In my case, I had a few things going for me. I was the Miracle Boy, first of all. The product of a broken home. Traumatized. Psychologically damaged. Beyond that, well, I was doing things that weren’t completely voluntary, if you looked at it the right way. I mean, if you squinted real hard and held your head a little sideways… I was a teenager practically brainwashed into being a safecracker, right? I did not fully understand the full ramifications of what I was doing.
You get the picture. That’s how my lawyer played it. That same lawyer who got me the probation after that first break-in.
But my strongest card of all was what I could tell them about the jobs I did and who I did them for. Or even the jobs where I was just along for the ride. Especially that assemblyman in Ohio. They were particularly interested in that one. The orders came from Sleepy Eyes’s boss, of course, the same man who was my boss. The same man who owned us all, and who was now very much dead. But Sleepy Eyes himself? He was a much bigger fish than I was. He was as big as that fish hanging on Mr. Marsh’s wall.

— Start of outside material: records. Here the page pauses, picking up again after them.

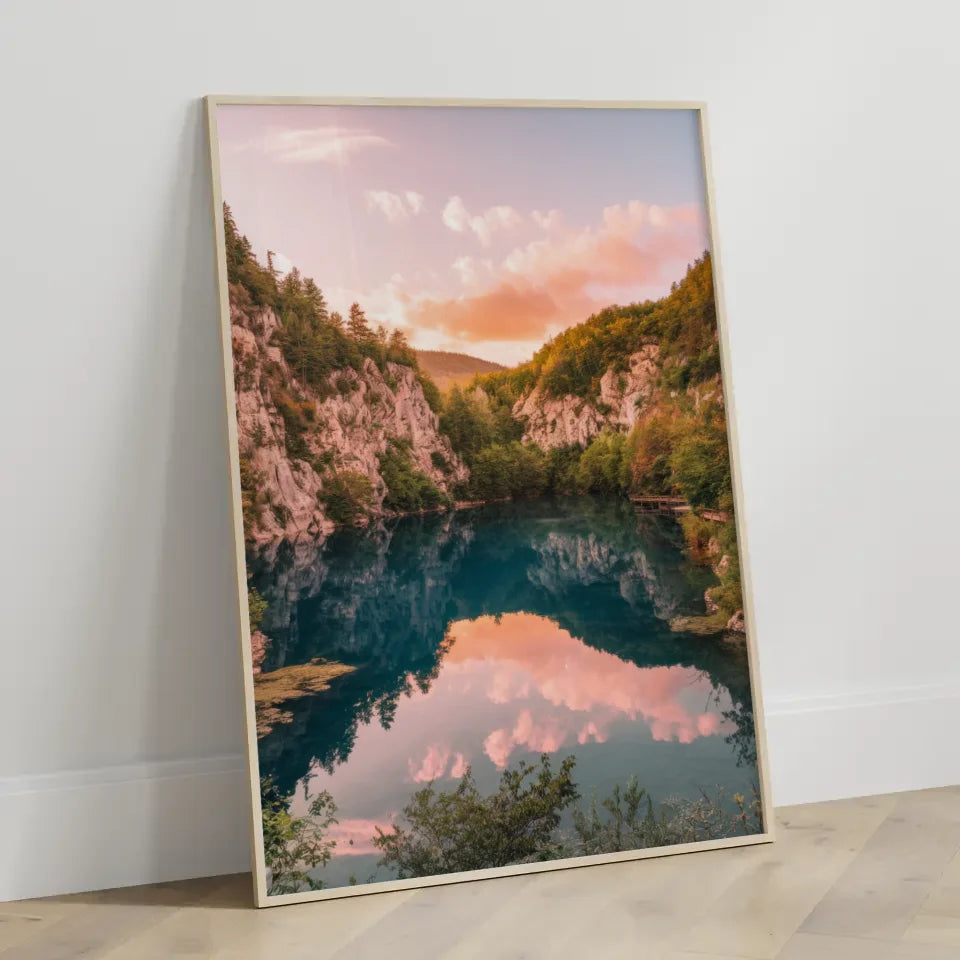 Das Poster zeigt die faszinierenden Farben und das ruhige Wasser der Seen, umgeben von der beeindruckenden Natur Kroatiens. Diese einzigartige Aufnahme wird nicht nur zum Blickfang in deinem Wohnzimmer, sondern bringt auch einen Hauch von Urlaub und Fernweh in jeden Raum.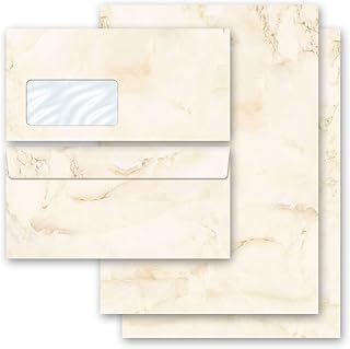 Motif-ensembles de papeterie Marbre & Structure, MARBRE BEIGE 20 feuilles de papier à lettres et 20 enveloppes DIN LONG avec fenêtre | Paper-Media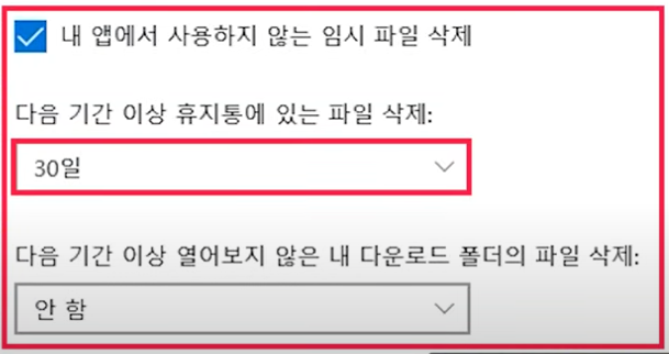 - '앱에서 사용하지 않는 임시 파일 삭제'를 30일로 설정하고 '지금 정리 시작'을 눌러 주세요.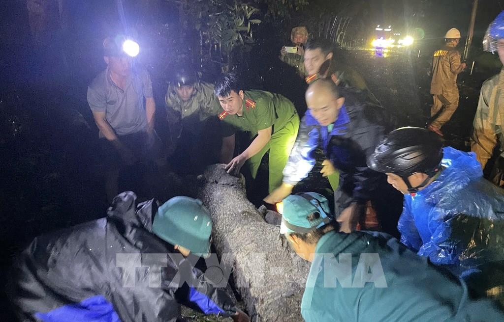 Lực lượng chức năng kịp thời khắc phục hậu quả thiên tai. Ảnh: TTXVN phát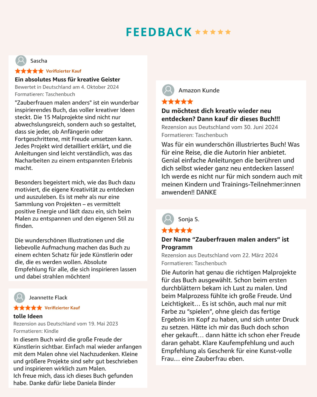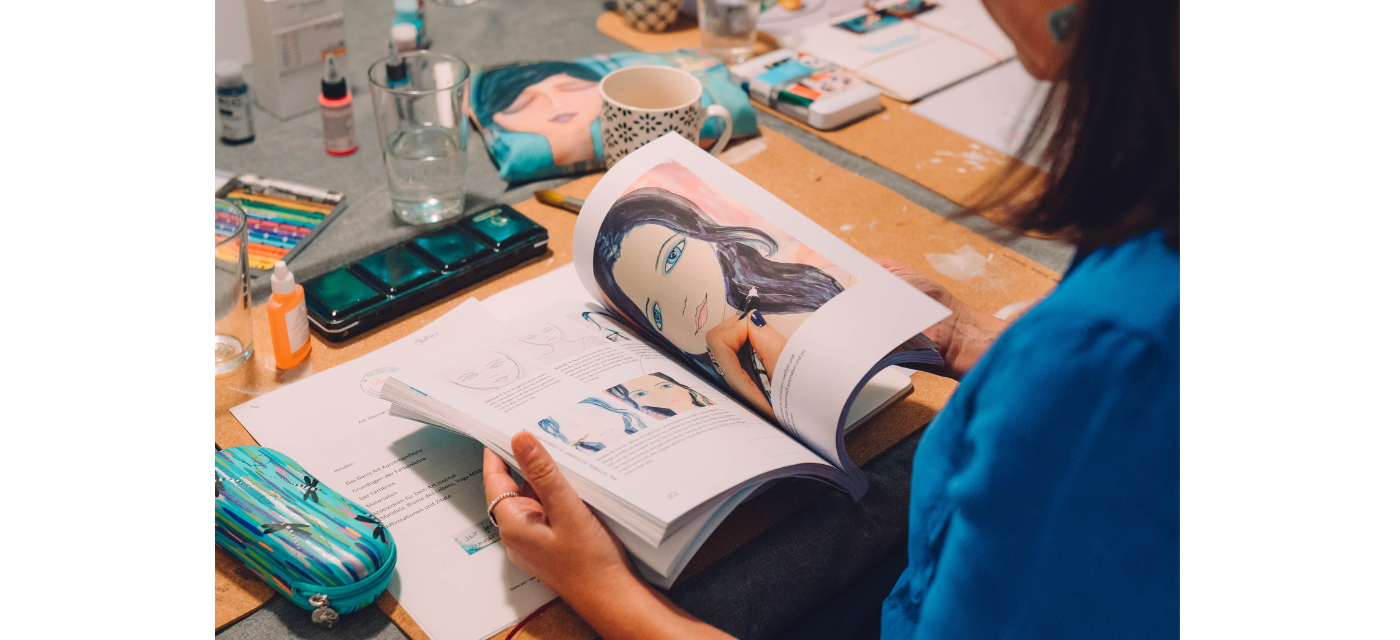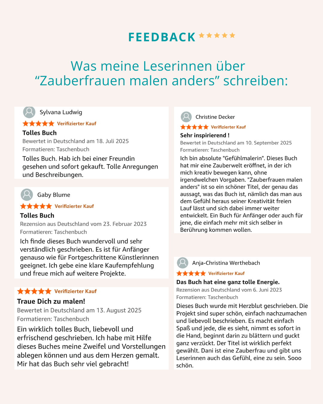 Dieses Buch begleitet Frauen seit 2022. Über 3600 Mal hat es seinen Weg bereits in kreative Hände gefunden. Für viele war es der Anfang zum regelmäßigen Malen.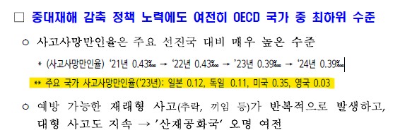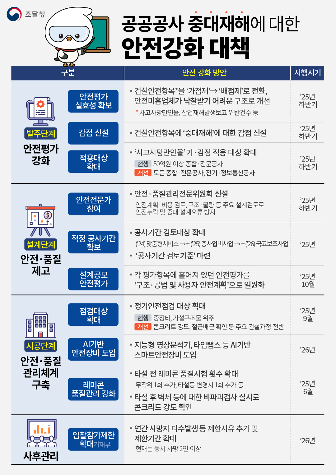 250918_(보도자료)_건설현장_중대재해_감축_위한_건설안전_혁신_본격화_배포용.hwp 인포그래픽_공공공사_안전강화_최종.jpg 사진1_공공공사_중대재해_안전대책_브리핑.JPG 사진2_공공공사_중대재해_안전대책_브리핑.JPG 사진3_공공공사_중대재해_안전대책_브리핑.JPG (참고자료)_해외_주요_국가_사고사망만인율.jpg |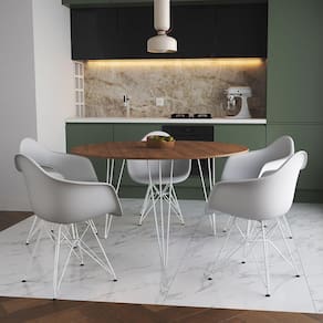 A Mesa de Jantar Redonda Clips com as Poltronas Eiffel é a escolha perfeita para você que está em busca de um produto sofisticado e muito versátil! O Conjunto possui o diferencial de ser um produto compacto e prático, podendo ser incorporado facilmente nos mais diversos ambientes, como: cozinhas, restaurantes, varandas ou até áreas de festas!CaracterísticasTipo: Conjunto Mesa e 5 PoltronasModelo: ClipsCor do Tampo: AmêndoaCor do Assento: BrancoBase Ferro: BrancoDIMENSÕES DO PRODUTOPoltrona:Altura: 80cmLargura: 38cmComprimento: 38cmMesa:Altura: 85cmDiâmetro: 110cmATENÇÃOAS IMAGENS SÃO MERAMENTE ILUSTRATIVAS E PODEM SOFRER VARIAÇÕES DE COR E PEQUENOS DETALHES DE ACORDO COM O SEU MONITOR, ILUMINAÇÃO DO AMBIENTE E ATÉ MESMO A SUA PERCEPÇÃO VISUAL.Mesa Jantar Redonda 110cm AmÃndoa Clips 3 PÃs com 5 Poltronas Eames Eiffel Brancas Ferro Branco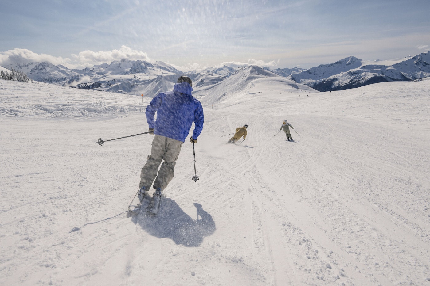 That scale, paired with over a mile of vertical, makes Whistler one of the best spring skiing destinations in the world. In March, you can almost guarantee finding fresh snow at the top of the mountain, terrain locals often describe as a freeride playground. A must-do is the Spanky’s Ladder bootpack, which provides access to four bowls, exposed spines and cliff bands, and often holds onto powder long after a storm. If you are looking for something more lowkey, the resort’s size and March snow mean that if you ask the right people, you might find yourself skiing fresh tracks. As April and May arrive, the mountain begins to ski like two different worlds. We’re talking chalky bowls and spines in the morning, giving way to soft, surfy bumps and spring park laps lower down as the sun begins to warm the mountain.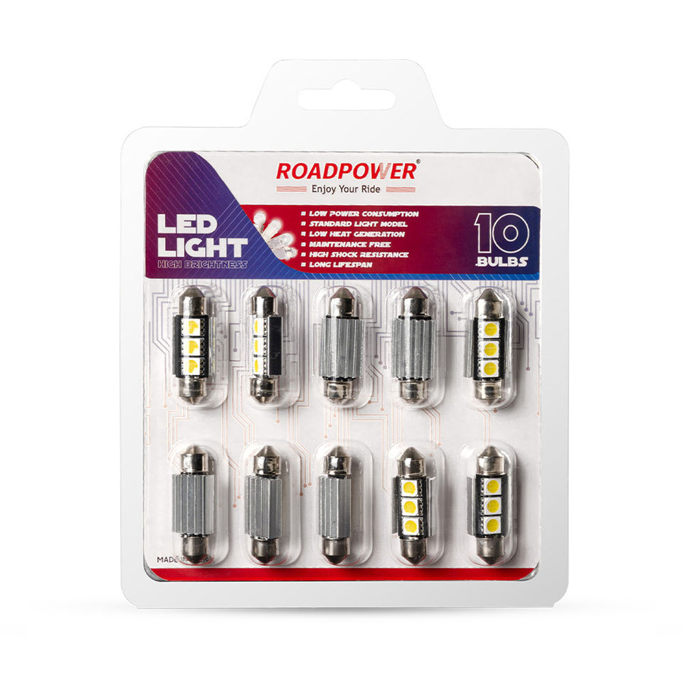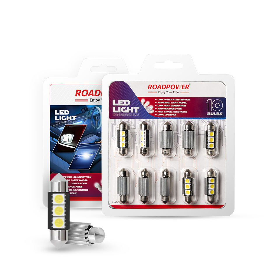 โรดพาวเวอร์(RP-ROOF10-G3) ไฟ LED สำหรับตกแต่งภายในและหลังคารถยนต์แบบเฟสตูน ขนาด 36 มม. แพ็ค 10 ชิ้น - สีขาวนวล 6000K น้ำหนัก 15 กรัม ต่อชิ้น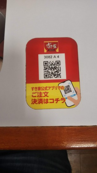 すき家に行きましたら、カウンターにこんなQRコードが貼り付けられているのを見つけました。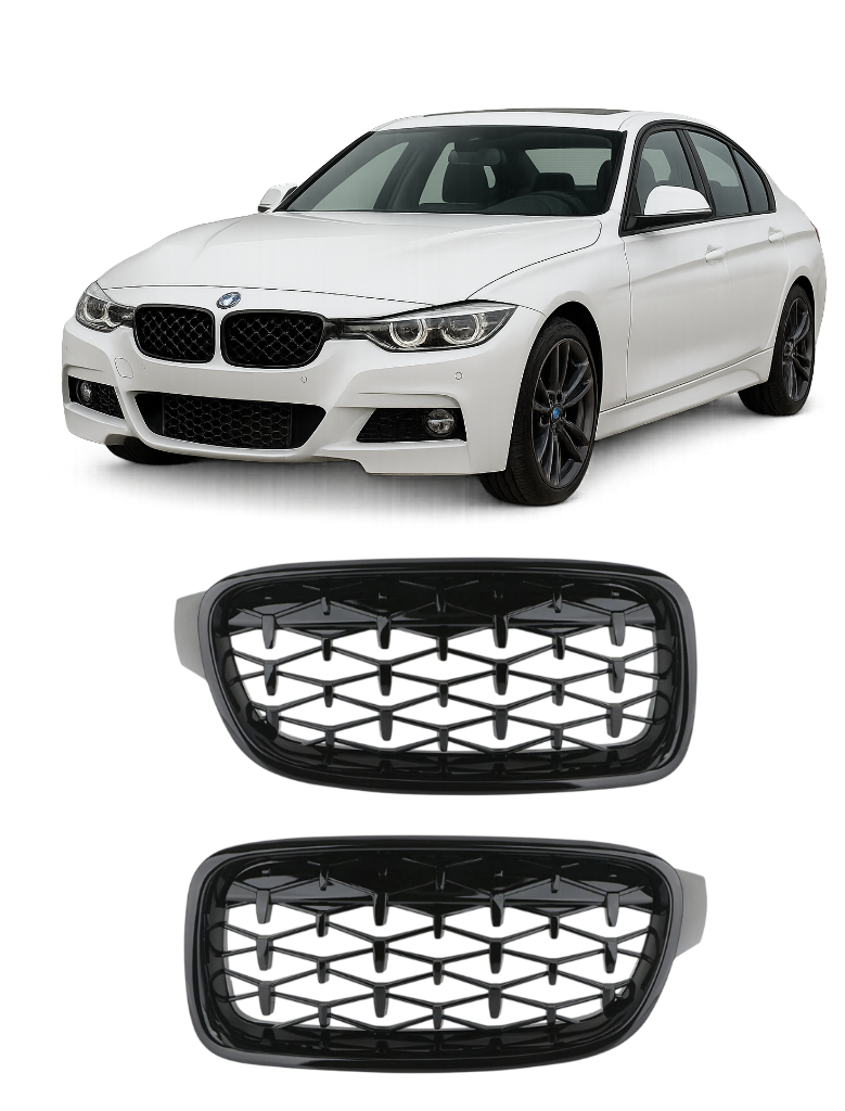 Grillenset Nieren – BMW 3-serie F30 (2012–2018) – Glanzend Zwart Diamond

Funny how it works out, huh? Because of Gunnar’s double-cross, Sleepy Eyes ended up living. And in the end he was worth a lot more to me alive than dead.
Add it all up and I was sentenced to a term of imprisonment of at least ten years and no more than twenty-five. I was eighteen years old when I was arrested. Nineteen by the time I was finally sentenced. I ended up right here, and you should have seen these people for that whole first month, treating me like I was the amazing Houdini, able to escape from any prison in the world. Like I’d actually be able to break my way through my cell door, then the block door, then the wing door, and probably seven other doors before I got to the outside world. It was almost laughable.
But like I said, ten to twenty-five. Leaning toward ten, I’d like to think. And ten’s just about up. So now I’m in the zone, right? Any day now, I could get the news.
Any day now.
I’ve had a lot of time to think, of course. What else am I going to do? I play everything back and I see the places where I could have gone down another road. How that would have made everything turn out differently.
In the end, I regret most of it. But I don’t regret anything that happened with Amelia. I’d do it all again if it meant being with her.
I got my first letter from her about four years in. Yes. I say letter, but it wasn’t a letter at all. It was a page of comic book panels. Just like old times.
The first panel was Amelia wearing a wedding dress. I practically died right there, seeing her in that dress. Knowing that she was moving on with her life. Getting married to somebody else. I couldn’t stand it. I mean, why would she even send this to me?
That’s the kind of thing that was going on in my head, before I even got to the second panel. She’s looking at herself in the mirror, everybody fussing around her dress and not noticing how unhappy she is. There’s a thought bubble over her head. “Why can’t I forget him?”